By Daniel Hunter

Britain’s appetite for financing future large scale sporting events may be in question after another survey of businesses revealed trading did not improve during the Olympics.

As late as July this year David Cameron was predicting the Olympics would deliver a £13billion boost to the UK economy, but a new piece of research from XLN Business Services shows 97.5% of small businesses saw either no change or a reduction in sales during the Olympics.

This means small businesses are in agreement with the findings of the British Retail Consortium which recently found August was the weakest month for sales growth this year for larger businesses.

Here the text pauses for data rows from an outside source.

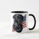 Une tête noire de labrador retriever devant un drapeau américain de ondulation.
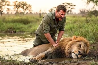 Мужчина спас из реки льва, который чуть не утонул, но когда они оказались на суще, лев сделал кое-что неожиданное 😱🫣 Жаркое солнце клонилось к закату, окрашивая саванну в золотисто-оранжевые тона. Туристы возвращались в лагерь после долгого дня сафари, когда один из них заметил странное движение у реки. В мутной воде барахталась массивная тень, и лишь приглядевшись, мужчина понял — это лев. Огромный хищник, гордый царь зверей, тонул в глубокой реке, отчаянно пытаясь удержаться на плаву. Он сразу догадался: что-то не так. Львы умеют плавать, но этот явно был ранен и ослаблен. И в тот миг, когда все остальные застыли от ужаса, мужчина не колебался ни секунды. Сбросив рюкзак и камеру, он бросился в воду. Холодная река встретила его сильным течением. Вытянуть льва на берег казалось невозможным — тело хищника было тяжелым, шерсть намокла и тянула вниз. Мужчина напрягал все мышцы, с каждой секундой дыхание становилось тяжелее. Но мысль, что этот зверь погибнет на его глазах, гнала его вперед. Подхватив льва под шею, он буквально тянул его из реки. Наконец, с невероятным усилием, он выволок животное на берег. Лев лежал неподвижно, его грудь не поднималась. В отчаянии мужчина опустился рядом и начал сердечный массаж. Его ладони били в сильную, но безжизненную грудь зверя, снова и снова. В ушах стучала кровь, руки сводило от напряжения, но он продолжал, стиснув зубы. Прошло несколько мучительных минут. И вдруг — едва заметный вдох. Потом еще один. Тело льва дернулось, и огромные янтарные глаза медленно открылись. Мужчина отпрянул назад. Когда зверь, шатаясь, поднялся на лапы, сердце мужчины готово было выскочить из груди. Он понял: сейчас все закончится, ему пришел конец, ведь перед ним хищник. Лев не различит друга или врага. Инстинкт возьмет верх. В этот момент животное медленно подошло к нему и случилось кое-что неожиданное 😱😱 Продолжение в первом комментарии👇👇 Мужчина спас из реки льва, который чуть не утонул, но когда они оказались на суще, лев сделал кое-что
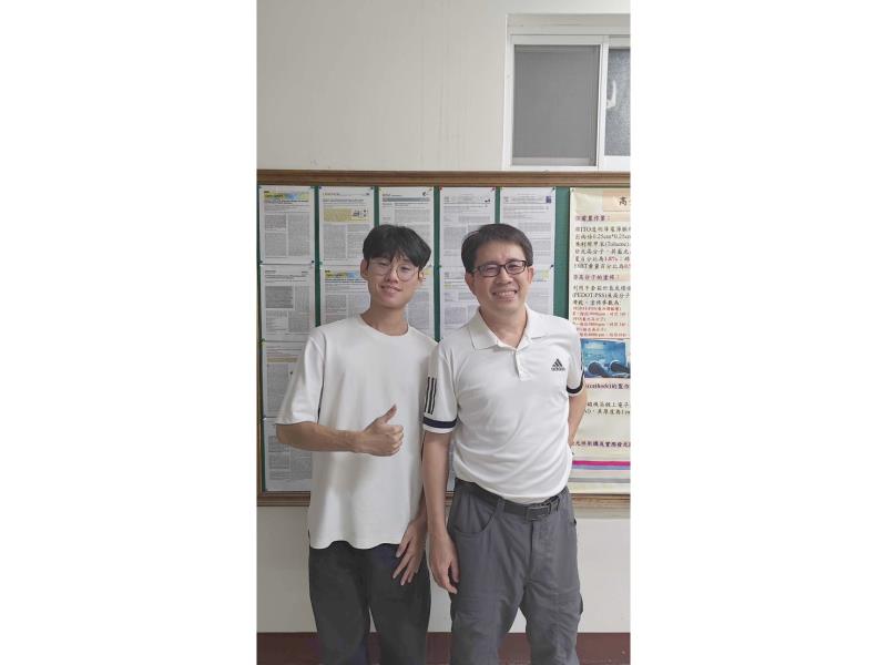 圖5:陳思翰老師與所指導專題學生電物系大四何湘仁同學(本篇論文第二作者)在實驗室前合影。
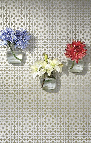 Cleverly placed petals form an over all pattern reminiscent of the '60's. Like a daisy chain, this simple wallcovering is a whimsical charmer. The six in-your-face color combinations, like magenta with brushed silver, add a dash of panache. This pattern is divine with Obsession in coordinated colors.
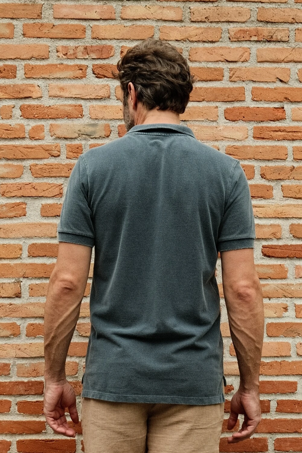 O visual levemente estonado traz uma aparência vivida, sem excessos — como uma polo que já faz parte da rotina. Clássica no desenho, honesta na construção e confortável desde o primeiro uso.
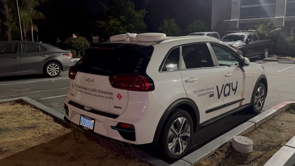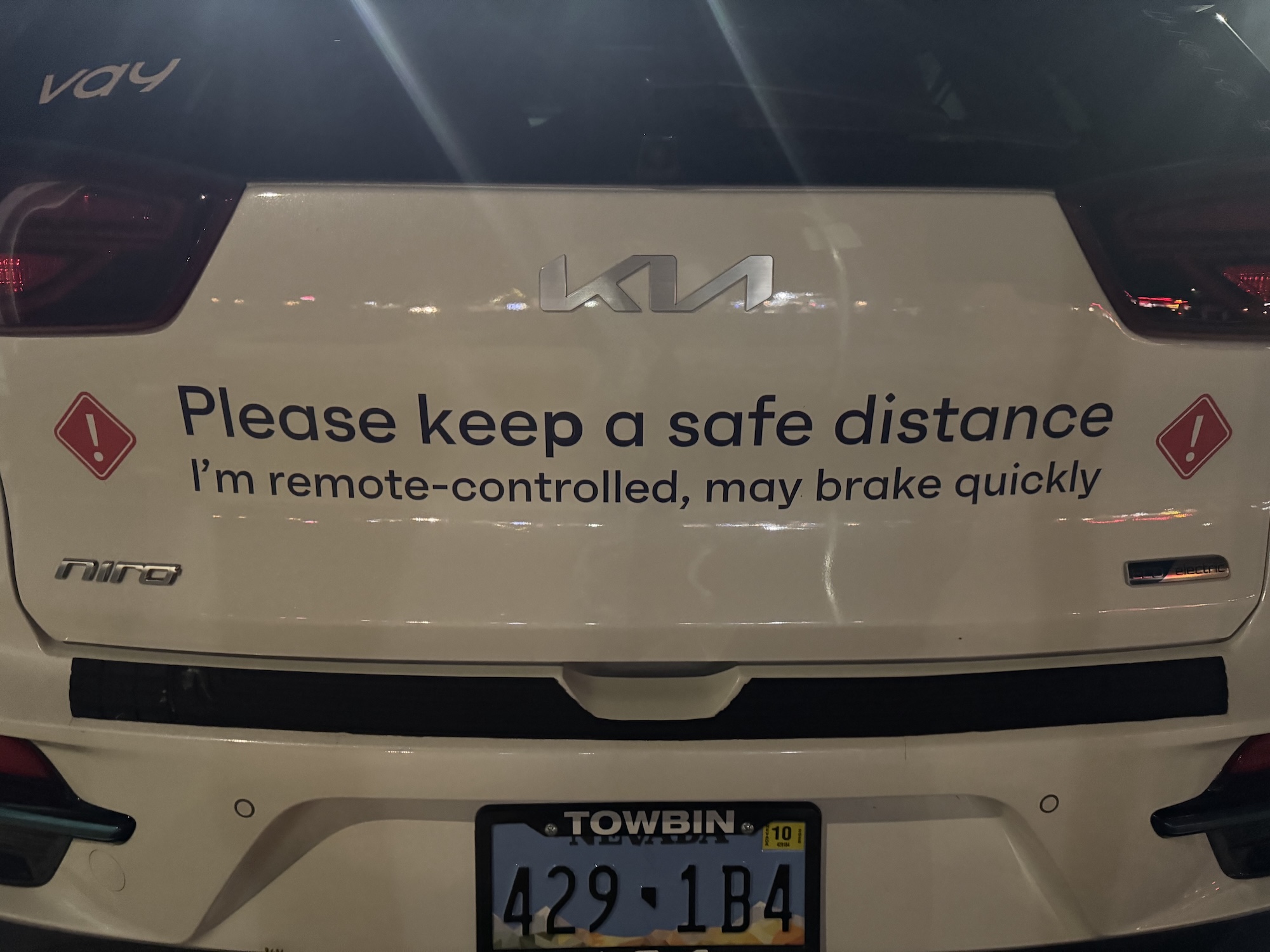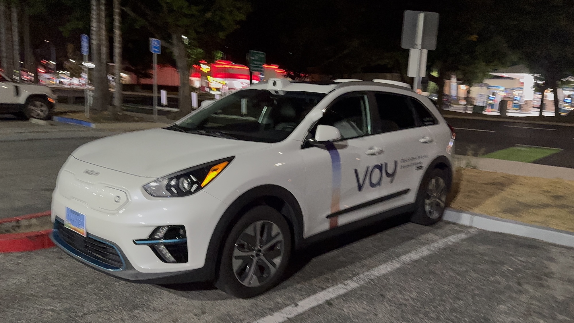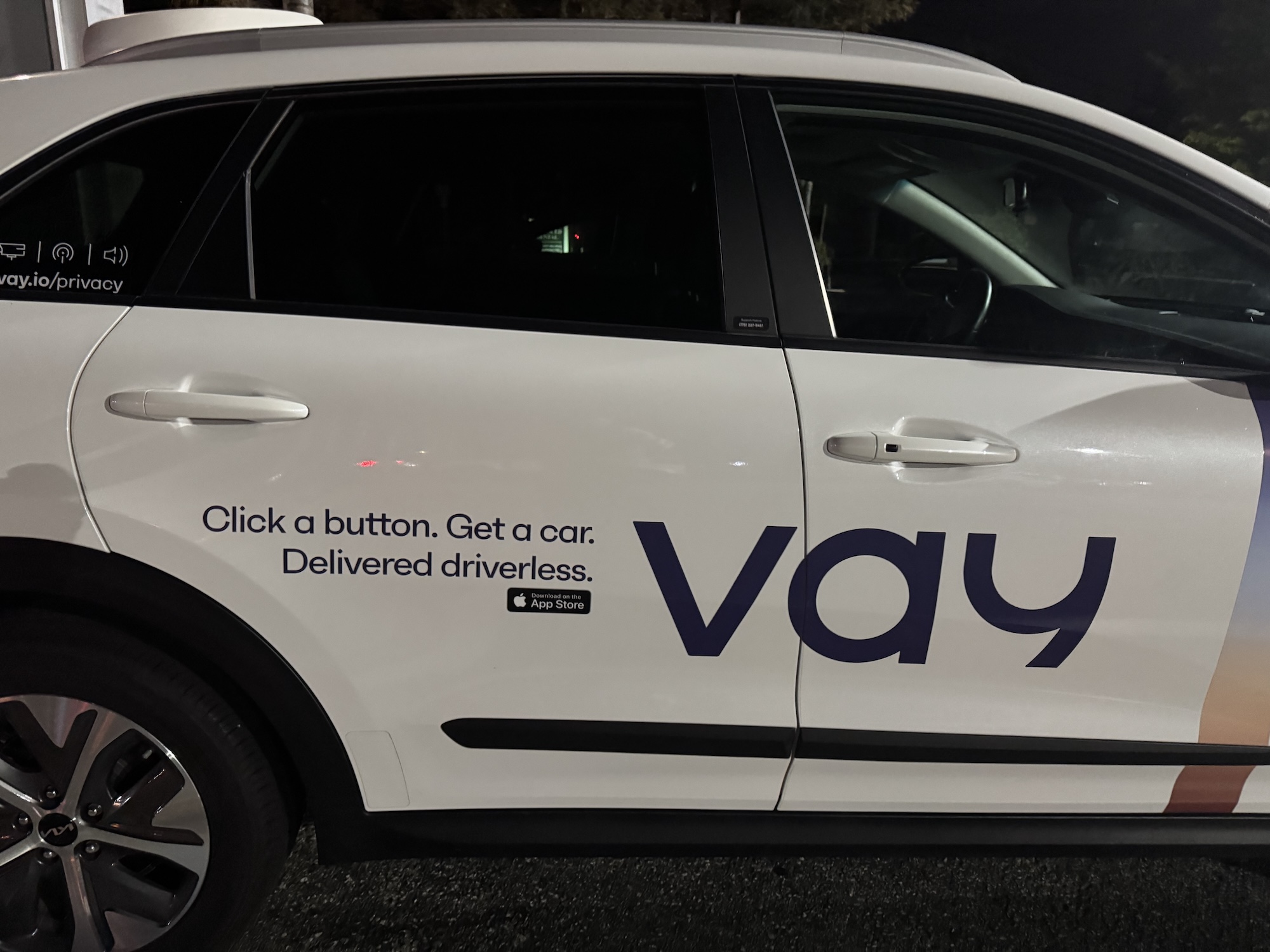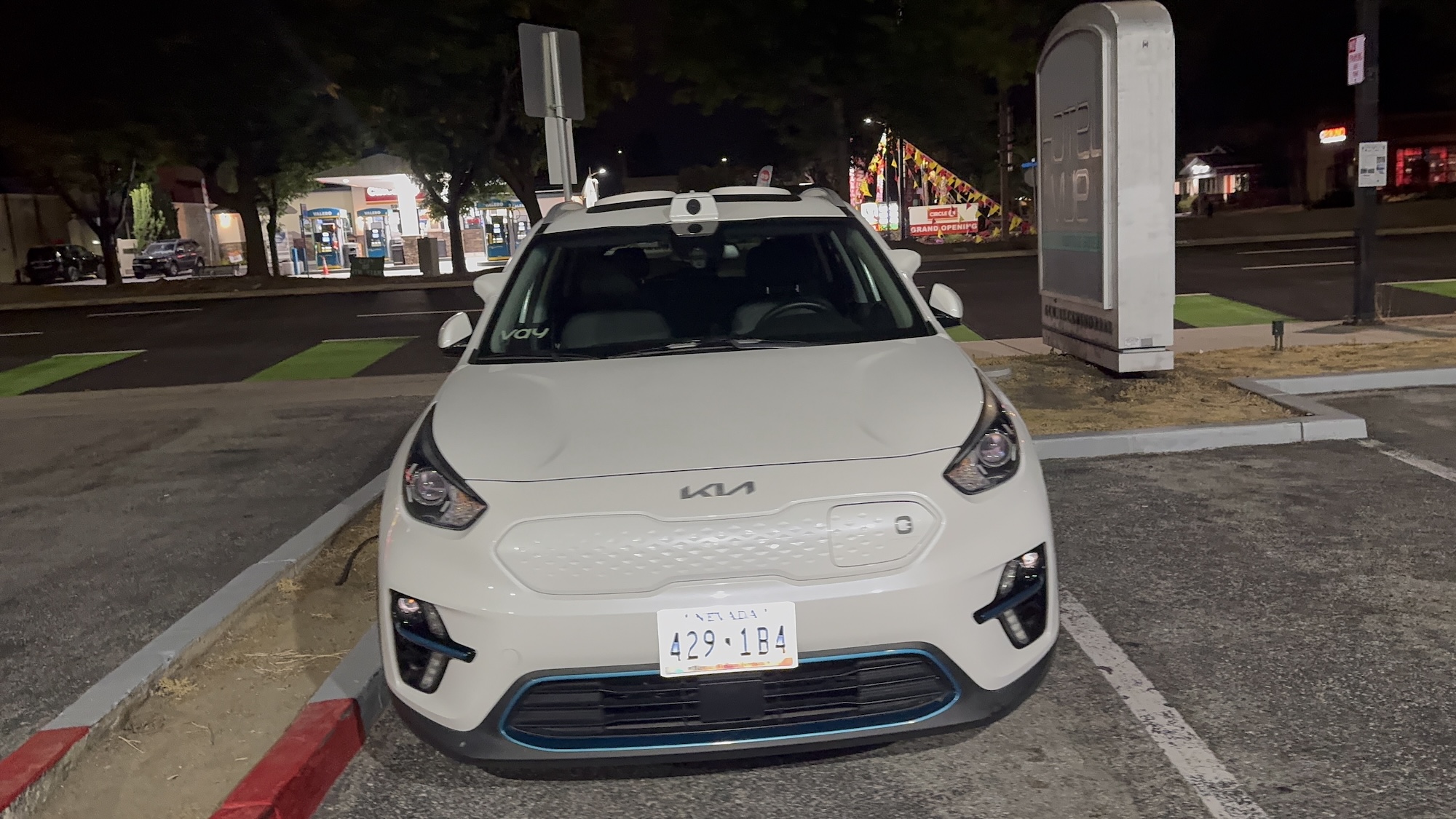 This Vay vehicle was spotted on August 11, 2025, at around 10:10 p.m. PDT in Mountain View in front of the Hotel Vue. Vay manufactures technology for remote-controlled vehicles. In this case, the base vehicle is a Kia with a Nevada license plate.

“It was absolutely dead at our shop in Kensington, as the entire area took time off to avoid the Olympic rush. We had some good days in our Stratford shop but the centre closed the car park, so even their business dropped over the whole 10 weeks,” said Donna Egan owner of the Buttercup Cake Shop chain. “On two of the busiest days for the Olympics Track and Field, the authorities shut off access to the centre and you could only get in with a staff badge or an Olympic ticket, so that put off a lot of the public.”

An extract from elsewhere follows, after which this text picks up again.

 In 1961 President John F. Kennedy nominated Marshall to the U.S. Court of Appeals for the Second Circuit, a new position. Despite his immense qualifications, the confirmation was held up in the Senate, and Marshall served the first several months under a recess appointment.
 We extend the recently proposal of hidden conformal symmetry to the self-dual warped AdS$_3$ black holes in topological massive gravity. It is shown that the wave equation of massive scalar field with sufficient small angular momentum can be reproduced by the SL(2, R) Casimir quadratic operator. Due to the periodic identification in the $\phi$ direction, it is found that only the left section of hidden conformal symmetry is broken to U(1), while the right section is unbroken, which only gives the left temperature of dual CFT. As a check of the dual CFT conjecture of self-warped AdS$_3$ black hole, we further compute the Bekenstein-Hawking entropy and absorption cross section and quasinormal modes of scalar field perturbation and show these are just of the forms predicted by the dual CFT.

“Our research reveals that small business owners did not reap the rewards that were predicted by the government over the Olympics period,” said Christian Nellemann, CEO of XLN Business Services who conducted the survey. “It’s incredible that even small businesses in Stratford are saying their sales were hit. Given our results, the government needs to check that the economic benefits that were used to justify the costs of the Olympics have filtered down to business owners in general and have not just been taken by those constructing the Olympic site.”

When asked “Did the Olympics/Paralympics boost sales for your business?” only 2.4% of small business owners said their sales increased compared with an astounding 74.3% who said they had no change in sales, compared with 23.2% who said their sales decreased.